Exercise instructions:
Reproduce exactly the lines below from the one containing "A cheerful Minka" through the one containing "Lørenskog Church (Lørenskog", including both, and nothing else.

Exercise data:
▼
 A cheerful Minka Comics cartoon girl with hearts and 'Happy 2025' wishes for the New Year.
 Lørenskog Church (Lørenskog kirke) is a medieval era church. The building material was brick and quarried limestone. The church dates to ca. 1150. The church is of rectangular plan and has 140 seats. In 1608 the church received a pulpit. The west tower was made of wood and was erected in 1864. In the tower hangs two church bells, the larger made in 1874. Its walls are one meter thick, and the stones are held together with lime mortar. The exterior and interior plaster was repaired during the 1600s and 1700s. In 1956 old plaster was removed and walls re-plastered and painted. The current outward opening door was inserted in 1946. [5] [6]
▲
▼
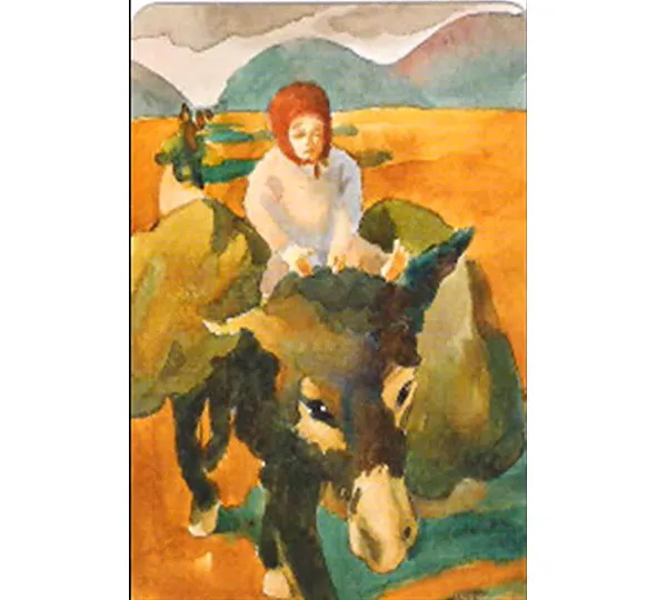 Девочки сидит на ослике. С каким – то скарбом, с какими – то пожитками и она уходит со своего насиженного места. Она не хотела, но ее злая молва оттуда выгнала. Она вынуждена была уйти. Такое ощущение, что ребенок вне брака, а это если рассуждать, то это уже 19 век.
▲
Answer to the exercise:
 A cheerful Minka Comics cartoon girl with hearts and 'Happy 2025' wishes for the New Year.
 Lørenskog Church (Lørenskog kirke) is a medieval era church. The building material was brick and quarried limestone. The church dates to ca. 1150. The church is of rectangular plan and has 140 seats. In 1608 the church received a pulpit. The west tower was made of wood and was erected in 1864. In the tower hangs two church bells, the larger made in 1874. Its walls are one meter thick, and the stones are held together with lime mortar. The exterior and interior plaster was repaired during the 1600s and 1700s. In 1956 old plaster was removed and walls re-plastered and painted. The current outward opening door was inserted in 1946. [5] [6]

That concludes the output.